In an effort to connect this humble family rite with the larger framework of indigenous sacred ceremony which Wall Kimmerer learned as an adult, she asked her father how the coffee rite started. Was it the vestige of a tradition that hadn’t been suppressed by Indian boarding school? Her father said no. He just started doing it. Originally, he simply wanted to clear the plug of grounds that collects in the spout of a well-perked pot of camp coffee. But then the behavior took on its own life. It became something sacred, important, necessary for the start of a new day. “There weren’t always grounds to clear,” he said, but pouring the first coffee on the ground and dedicating it with a prayer became a way to say thanks, a mark of respect and gratitude for the day. By joining the seemingly mundane to a ritual, he caused the world to shimmer with sacredness.

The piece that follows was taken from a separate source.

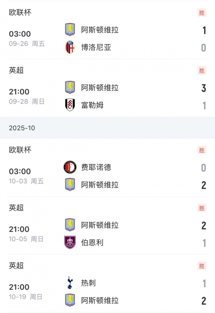 足球比分网10月19日讯 今晚英超维拉2-1逆转热刺,取得各赛事五连胜。 值得一提的是,维拉本赛季开局不利,联赛前五轮未尝一胜,但在上个月击败博洛尼亚后,埃梅里率队找回状态,各项赛事已经取得五连胜,并在客场逆转热刺。

One interpretation of the word “sacred” is set apart, particularly blessed, holier-than-thou. As a kid, I sometimes wondered if this meant that a rosary was more sacred than a rose. But as I grew up, I came to understand that “sacred” really means that something or someone is dedicated—belongs to—the Holy. This isn’t limited to ritual vessels, certain words, specific postures: they’re not the whole show. The whole show is everything. My understanding is that the physical world bodies forth and reflects the Holy in its every atom, in its every relationship. It’s all sacred. We simply have to notice.

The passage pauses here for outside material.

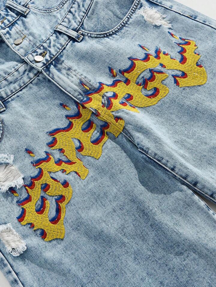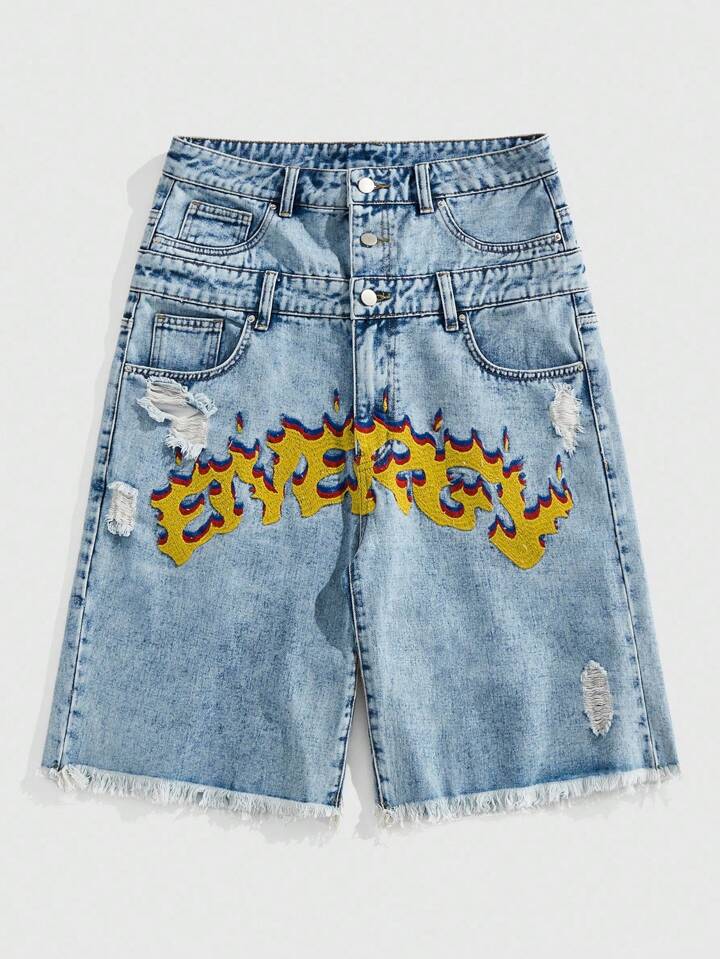 Prep Men's Double-Layer Waistband Embroidered Denim Shorts

From time immemorial, humans have created rituals in order to help ourselves pay attention to this overwhelming glory of daily reality. Now—as seasons go out of whack, as wildfires rage and mudslides tear the mountains away—now is the time for us to notice. Now is the time to stitch this world together with rites, with ceremonies, with marks of respect and gratitude. No, it won’t change the fact that climate change is thoroughly upon us, that humans are all a little crazy right now. But a simple ritual can enable us to see the shimmering reality underneath and throughout the seeming mess: Sacred. Beautiful. Gift. And when we see that sacredness, we’re more likely to figure out how to love it.